Yes, as long as you do so carefully. Although boas are generally considered slow-growing, babies can still triple in size by the end of their first year. So if you buy a baby, it’s generally cheaper and more efficient to start with a larger enclosure to accommodate that rapid growth. In fact, babies can be housed in a full adult-sized enclosure if you set it up correctly.
Think about how boas grow up in the wild — they don’t confine themselves to a small box just because they’re young. They still have to travel to hunt. So think of it more as taking an enclosure-sized slice out of their native habitat.
Providing lots of hides/cover is the key to success when you’re putting a young boa in a large enclosure. Provide lots of places to hide: cork bark half-buried in substrate, loose burrowable substrate, foliage, dead leaves, caves, etc. Also partially cover the climbing branches to provide arboreal hides.
The primary concerns with keeping a very young boa in a large enclosure are the following:
- Can be stressful if done wrong
- Can be hard to find your hatchling
- Difficult to monitor defecation schedule
- Large (deep) water bowls can pose a drowning risk
If you’re still worried by the idea of putting a tiny baby in a huge adult enclosure, you can use a plastic storage tub with ventilation holes as a temporary grow-out space. It’s not a very attractive option, but it is much less expensive, great at maintaining steady humidity, and you’re less likely to lose track of your baby.
Types of Boa Cages
Glass: Contrary to popular belief, glass enclosures (aka aquariums) are not evil. They do tend to be expensive, heavy, not very durable, and can present some trouble with maintaining consistent temperatures and humidity. But it’s because of that latter quality, glass is one of the best materials at dissipating heat, and that it makes creating a temperature gradient much easier. It also helps encourage a natural cycle of drying in the enclosure, which discourages mold growth in a humid environment that could otherwise go out of control very easily. When done right, glass enclosures are very attractive and easy to clean. For best results, help the boa feel more secure by using an opaque material like construction paper to cover 3 of the enclosure’s 4 walls.
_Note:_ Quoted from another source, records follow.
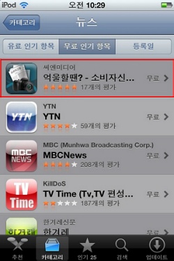 '소비자신문고' 어플이 애플 앱스토어와 안드로이드 마켓에 등록된 지 20여일 만에 앱스토어 '뉴스부문 무료어플 인기순위' 1위를 차지하며 기존 뉴스 어플의 순위를 뒤집어 놓은 것.
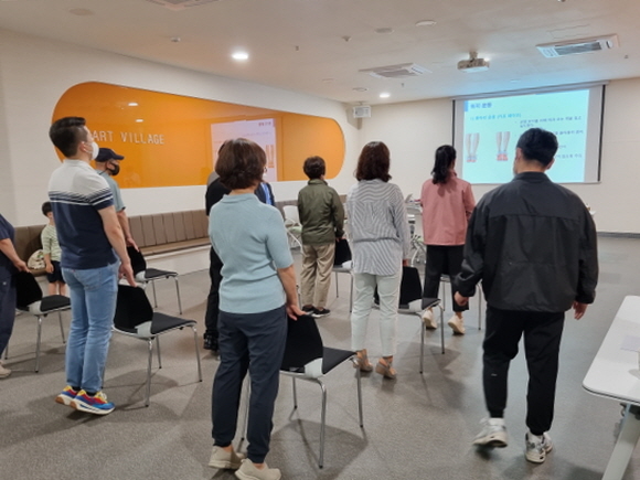 건강강좌에 참가한 스마트빌리지 입주민들은 웰니스센터 내 실내공간을 이용해 올바른 자세로 걷기를 연습하고 운동효과를 체험했다.
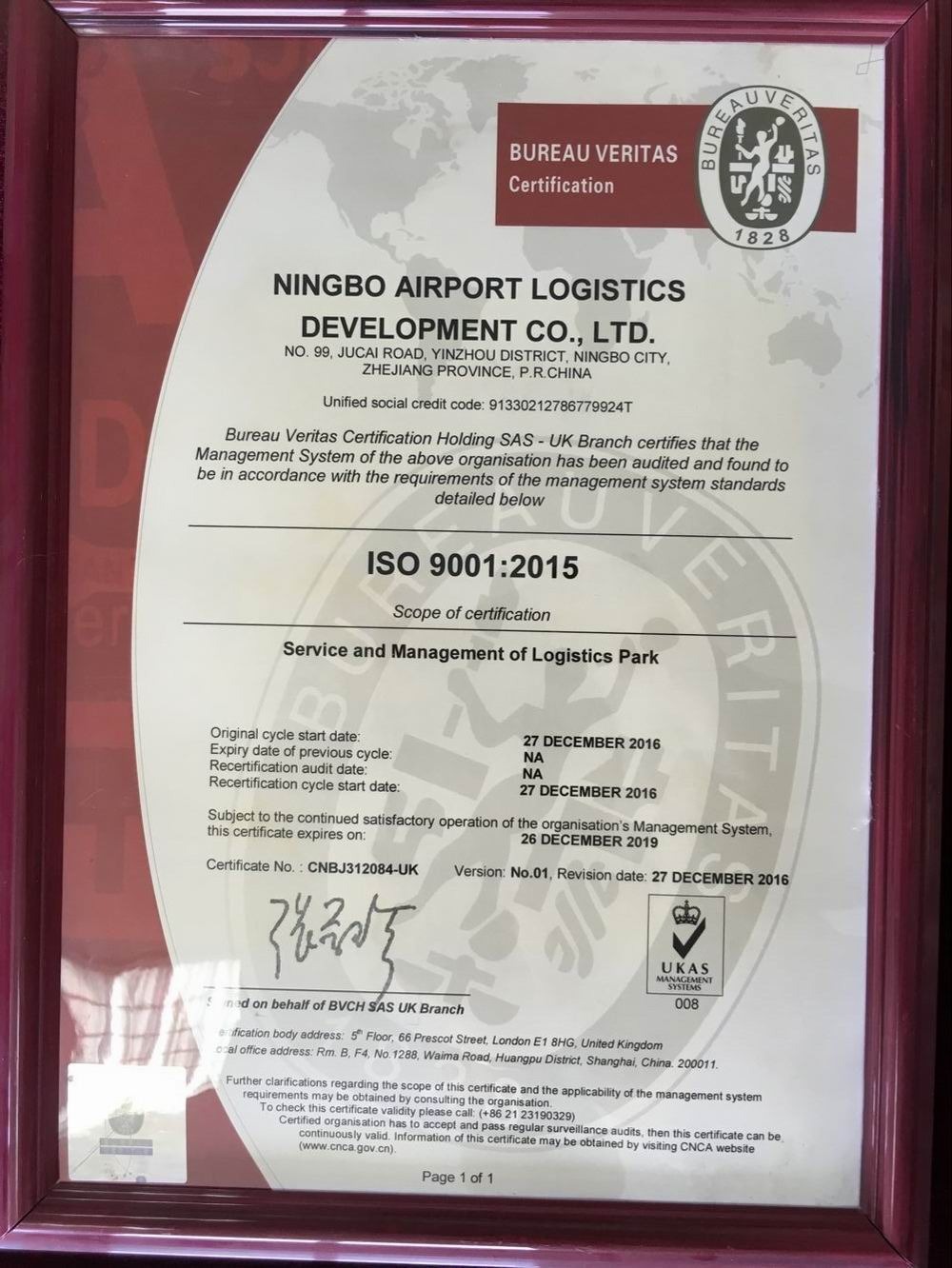 ISO2015英文證書
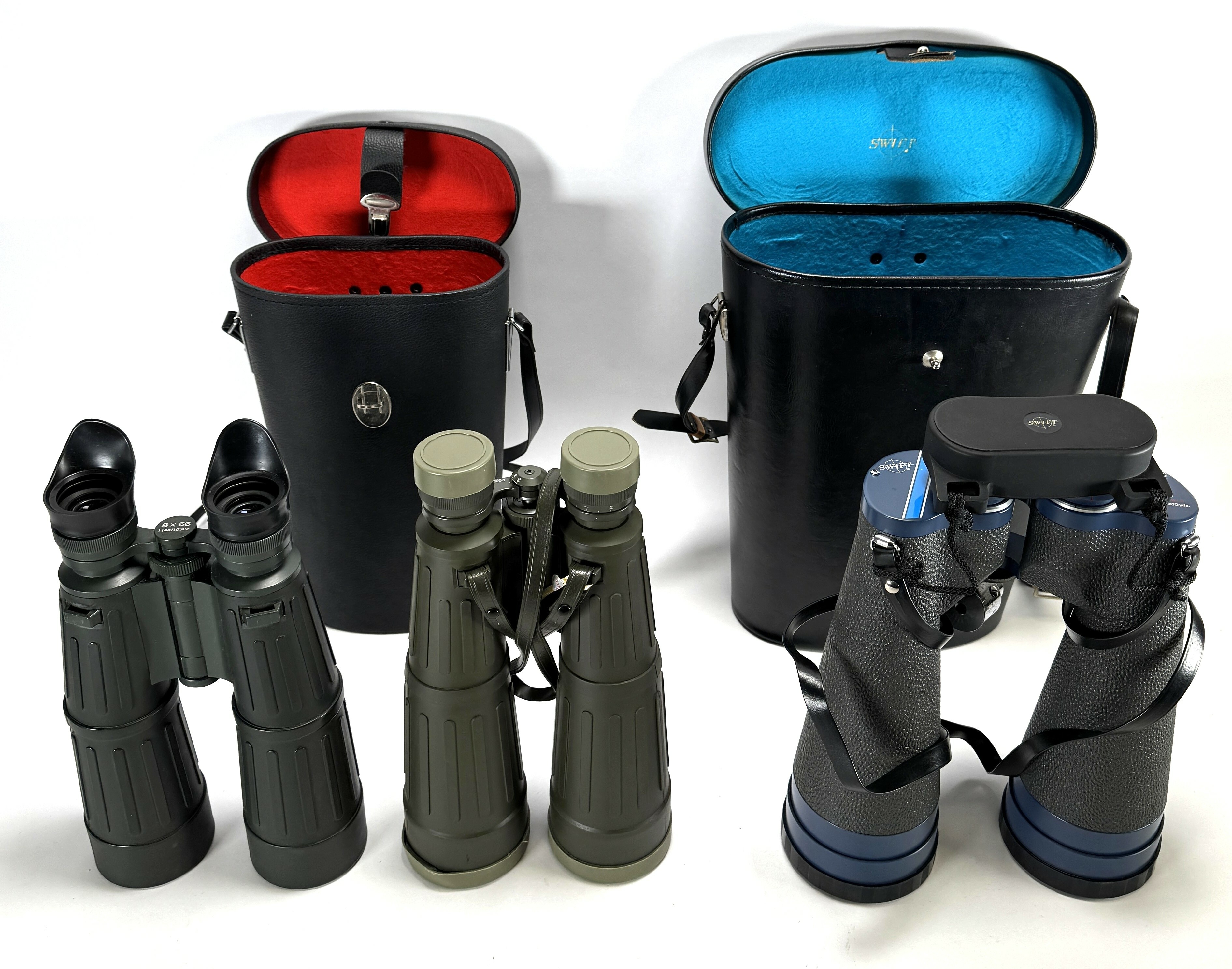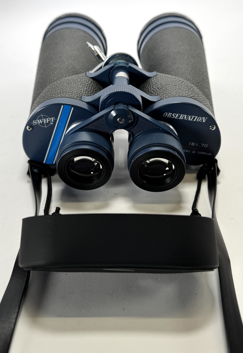 Verrekijkers vervaardigd uit metaal, kunststof, rubber en glas. De kavel omvat een Swift Observation 16x70, een 8x56 verrekijker met markering 114m/1000m en een 8x63 verrekijker met opschrift Field 6°. Twee verrelijkers bevinden zich in de originele draagkoker, datering tweede helft van de 20e eeuw. Klaar om te bieden? Registreer je nu en doe mee aan de veiling! |
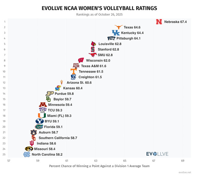 We’ll wrap things up with our model’s top 25 heading into the new week. As Nebraska continues to sweep everyone in their path, they continue to distance themselves from the pack in the rankings.
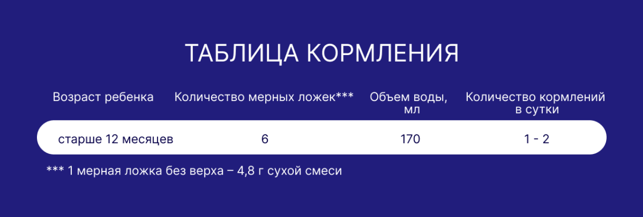 Cухая деминерализованная молочная сыворотка, сухое цельное молоко, мальтодекстрин, растительные масла (подсолнечное высокоолеиновое, соевое, кокосовое), сухое обезжиренное молоко, минеральные вещества (кальция фосфат (кальциевые соли ортофосфорной кислоты), калия цитрат, кальция карбонат, магния хлорид, натрия цитрат, натрия хлорид, железа (II) сульфат, цинка сульфат, меди сульфат, марганца хлорид, йодид калия, селенит натрия), витаминный комплекс (L-аскорбиновая кислота, DL-альфа-токоферола ацетат, никотинамид, D-пантотенат кальция, рибофлавин, ретинола ацетат, пиридоксин гидрохлорид, тиамина гидрохлорид, фолиевая кислота, филлохинон, D-биотин, D3 холекальциферол, цианкобаламин), олигосахарид 2’-фукозиллактоза (2’FL), рыбий жир (источник докозагексаеновой кислоты DHA), таурин, инозит, эмульгатор (соевый лецитин), антиокислитель (L-аскорбилпальмитат). Не содержит ГМО.
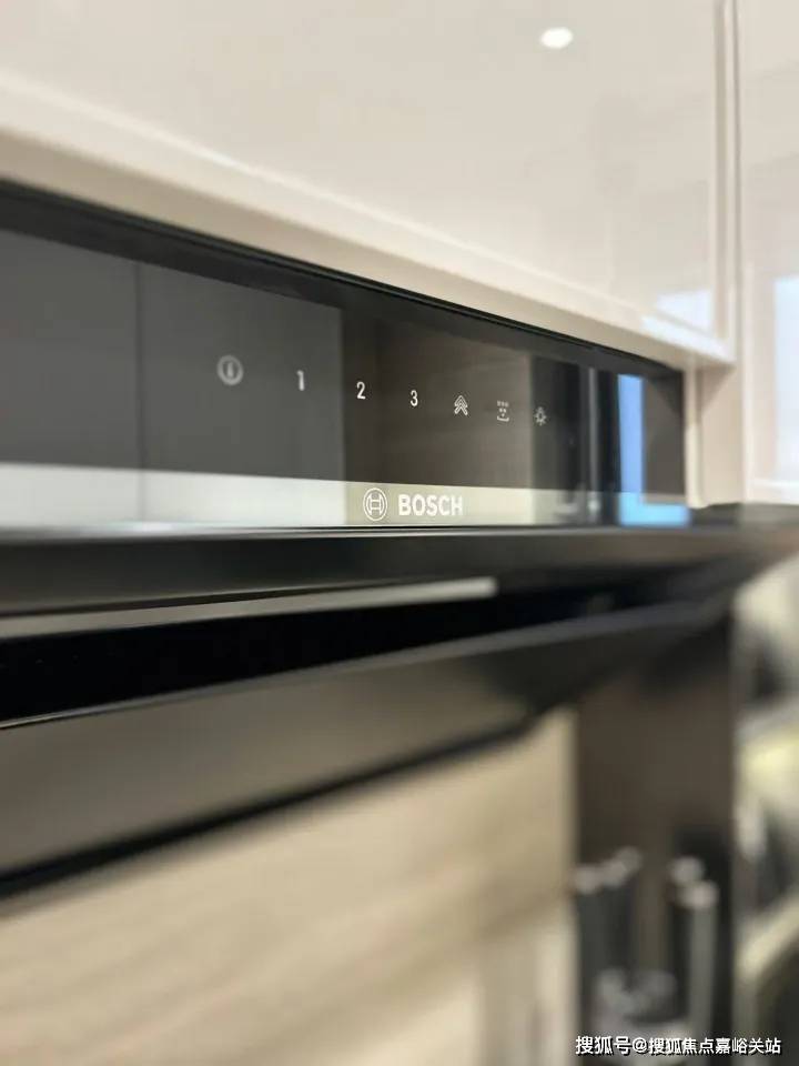 厨房,采用博世 (或同等品牌)的吸油烟机、灶具、洗碗机、蒸烤一体机四件套、怡口(或同等品牌)的末端净水器、摩恩(或同等品牌)的垃圾处理器都统统配备。

Plastic/PVC: PVC is well known for holding both heat and humidity very efficiently, and it’s also very durable, making it the most popular reptile housing option in the hobby. Note that these larger enclosures can be incredibly expensive, so it can be more cost effective to just build your own at that point if you’re at all handy. However if you’re not (like me), then this is a convenient and reliable option.
ReptiFiles recommends the following brands:
Wood/Melamine: These materials are a go-to for boa keepers who wish to build their own enclosure, as they are easy to source, relatively lightweight, and fairly inexpensive (in the case of wood). But Melamine does not do well in a humid environment, as the moisture tends to make the material rot and crumble. It can also harbor mold, which becomes dangerous to your boa’s health. Wood can be treated with animal-safe (VOC-free) waterproofing agents to become a fairly reliable material for building an enclosure without fear of rapid degeneration.
Tubs/Storage Bins: I do not recommend keeping adult boa constrictors in tubs or storage bins. While the plastic is very durable and the bins themselves are very affordable, these “enclosures” are simply not large enough to provide adequate permanent housing for even the smallest boa constrictor subspecies.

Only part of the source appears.